Profits. You're right, when we add a fairly large proportion of the DKK 900 million to the DKK 2 billion, yes, that's part of the equation.

Speaker 14

Still you need to generate something like 3.5 pre-tax, isn't that correct?

Morten Hübbe
CEO, Tryg

You're taking a part of the acquisition and recalculating-

Speaker 14

I take the s

Morten Hübbe
CEO, Tryg

The total return on the acquisition?

Speaker 14

I take the DKK 38 billion, multiply that by 7%, that gives me DKK 2.7 billion after tax.

Morten Hübbe
CEO, Tryg

The whole math is profits in Sweden.

Speaker 14

Yeah.

Morten Hübbe
CEO, Tryg

Profits in Norway.

Speaker 14

Yes.

Morten Hübbe
CEO, Tryg

Synergies over capital with an assumption of having returned some of the capital with buybacks. You have to do all of these components to get to the right number.

Speaker 14

The math has, of course, changed. What my second question is, but basically your view is that Trygg-Hansa stand alone will generate approximately DKK 2 billion in technical profit.

Morten Hübbe
CEO, Tryg

That's what they announced in 2020, correct?

Speaker 14

Okay.

Barbara Plucnar Jensen
CFO, Tryg

That's a starting point, yeah.

Morten Hübbe
CEO, Tryg

The starting point, yeah.

Speaker 14

That's the starting point.

Morten Hübbe
CEO, Tryg

Yeah.

Speaker 14

Okay. My second question, after the sale of Codan, what is the return on the remaining investment, on your net investment? How much has that improved? Any view from that?

Morten Hübbe
CEO, Tryg

I don't think we've announced any numbers on that.

Barbara Plucnar Jensen
CFO, Tryg

We haven't disclosed it for your post.

Morten Hübbe
CEO, Tryg

No.

Barbara Plucnar Jensen
CFO, Tryg

There are obviously some assumptions going into the return on investment that we announced last year, and then we have now concluded the sale, and we haven't disclosed the impact on the return on investment.

Speaker 14

What's your view?

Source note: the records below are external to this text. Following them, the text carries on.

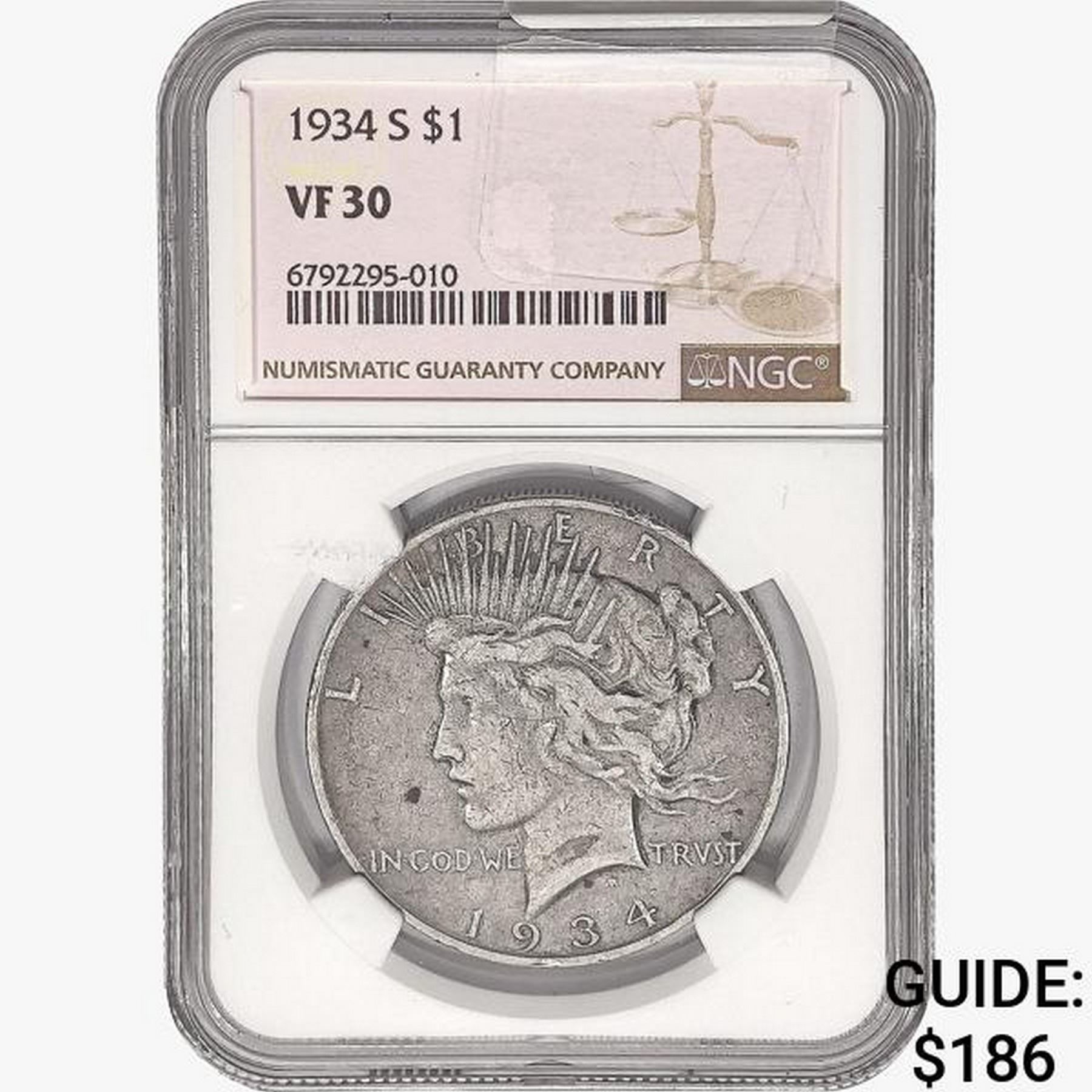 1934-S Silver Peace Dollar NGC VF30
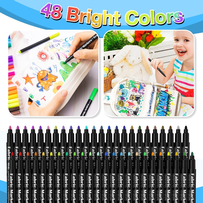 KERIFI 48 Textile Pens Textile Paint Machine Washable Textile Markers Fabric Painting Pens Fabric Paints Washable for T-Shirt Fabric Bag Bib Cotton Bag for Painting Craft Set Children's Birthday Party
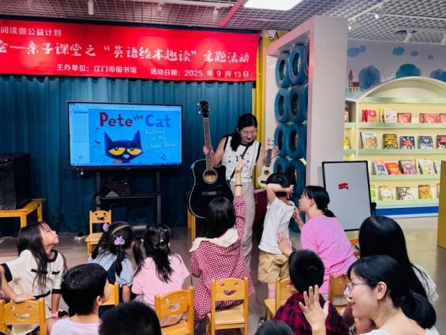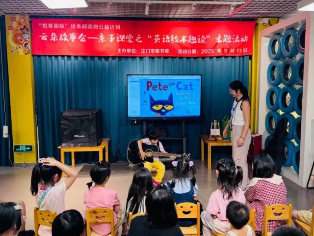 活动现场还巧妙穿插了尤克里里和吉他两种乐器。志愿者老师邀请小朋友们上台亲身体验,孩子们小心翼翼地触摸乐器,感受它们大小和重量的不同:尤克里里小巧轻便,孩子们单手就能轻松拿起;吉他则相对大一些、重一些,需要双手才能稳稳抱住。

Has it improved or has it worsened the investment?

Morten Hübbe
CEO, Tryg

I think we can say without revealing too much that the going-in assumption on the sales price of Denmark was somewhat lower than the actual sales price. Net-net, that is a positive.

Speaker 14

No new numbers on the.

Morten Hübbe
CEO, Tryg

No new numbers on that, no.

Speaker 14

Net return. Okay, thank you.

Morten Hübbe
CEO, Tryg

Just settling that it's more positive than assumed.

Barbara Plucnar Jensen
CFO, Tryg

Mm.

Speaker 19

If I wanted to spoil it a little bit.

Morten Hübbe
CEO, Tryg

Mm-hmm.

Speaker 19

I guess we've heard a lot about the wonderful upside from Trygg-Hansa. Yes, it is 100% retail. Yes, it's wonderfully profitable, but it is also long-tail as a business. Can you talk us through a bit about the potential risks that entails as you see them, be it, you know, new forms of inflation that exposes you to, be it higher asset gearing, you know, a more SCR-heavy business, anything, I guess.

Morten Hübbe
CEO, Tryg

I guess clearly you can comment, but clearly having less corporate business is net-net positive. Having high profits and high stability is net-net positive. The duration will be longer. That has different risk. Mainly two drivers, most are third party liability in Sweden is structurally a lot longer duration than in other markets. Secondly, of course, children's sickness and accident has longer duration. We have worked with a portfolio of children's insurances in Moderna already. We acquired a big portfolio prior to Trygg-Hansa to understand the duration and the risk. It means that when you look at longer term impacts of sickness, you look at longer term impacts on how that stock behaves, there is a longer term risk, which means that you need to take very cautious views on that constantly.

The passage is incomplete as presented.